ABSTRACT: Atrial fibrillation (AF) is a supraventricular tachyarrhythmia that can cause stroke/systemic embolism (SE), and therefore, anticoagulation may be indicated. Patients with chronic kidney disease (CKD) and end-stage renal disease (ESRD) may have greater risk for AF, stroke/SE, and bleeding, so the net benefit of anticoagulation is controversial. Evaluation of published data on oral anticoagulation in patients with CKD/ESRD shows that overall, warfarin has been associated with an increased risk for stroke and death, compared with no anticoagulation. Compared with warfarin users, apixaban users were shown to have significantly lower risk for stroke/SE, death, and major bleeding, but no difference was seen for efficacy outcomes when compared with no anticoagulation. The overall benefit-risk ratio must be carefully analyzed in this high-risk patient population, and the decision to anticoagulate must be conducted in a patient-specific manner.

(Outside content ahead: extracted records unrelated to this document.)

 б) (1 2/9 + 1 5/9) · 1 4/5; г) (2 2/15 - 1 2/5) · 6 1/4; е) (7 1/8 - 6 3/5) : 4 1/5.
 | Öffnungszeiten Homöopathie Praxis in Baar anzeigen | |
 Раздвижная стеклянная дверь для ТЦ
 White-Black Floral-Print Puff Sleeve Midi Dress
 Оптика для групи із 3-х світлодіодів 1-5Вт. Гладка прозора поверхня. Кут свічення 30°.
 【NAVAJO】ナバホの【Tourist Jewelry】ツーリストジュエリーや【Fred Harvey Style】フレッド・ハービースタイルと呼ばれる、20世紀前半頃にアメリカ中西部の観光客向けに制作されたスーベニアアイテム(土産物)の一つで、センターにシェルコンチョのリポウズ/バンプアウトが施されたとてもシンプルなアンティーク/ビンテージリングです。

US Pharm. 2021;45(3)36-40.
Atrial fibrillation (AF) is the most common sustained arrhythmia. It is a supraventricular tachyarrhythmia, involving uncoordinated atrial activation and, subsequently, ineffective atrial contraction. Given this, left atrial blood stasis may occur, particularly in the left atrial appendage, thereby leading to stroke/systemic embolism (SE).1,2 To decrease the risk for stroke/SE, anticoagulation is administered with warfarin and direct-acting oral anticoagulants (DOACs), such as apixaban, edoxaban, dabigatran, and rivaroxaban. Unlike warfarin, DOACs are limited for use in patients with nonvalvular AF only.

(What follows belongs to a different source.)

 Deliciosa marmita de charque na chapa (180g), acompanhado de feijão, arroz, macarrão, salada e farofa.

According to the American College of Cardiology (ACC) and American Heart Association (AHA), risk stratification with scoring criteria such as the CHA2DS2-VASc and HAS-BLED may be used to determine the risk for stroke and bleeding, respectively, when determining the risks versus benefits of anticoagulation for patients with AF.3 However, it is important that the identified risk factors for bleeding in HAS-BLED were primarily among warfarin users, so the criteria is not entirely applicable in DOAC users. Additionally, patients with end-stage renal disease (ESRD) undergoing dialysis were excluded in the generation and validation of these risk scores. They were also excluded from randomized controlled trials for DOACs. It is pivotal to note that patients with chronic kidney disease (CKD) and ESRD have significantly greater risk for AF, stroke/SE, and bleeding, given the pathophysiology and nature of the disease.2,4 Possible explanations for these risks include frequent heparin exposure, repeated vascular access, and abnormal blood coagulation, as well as calcification.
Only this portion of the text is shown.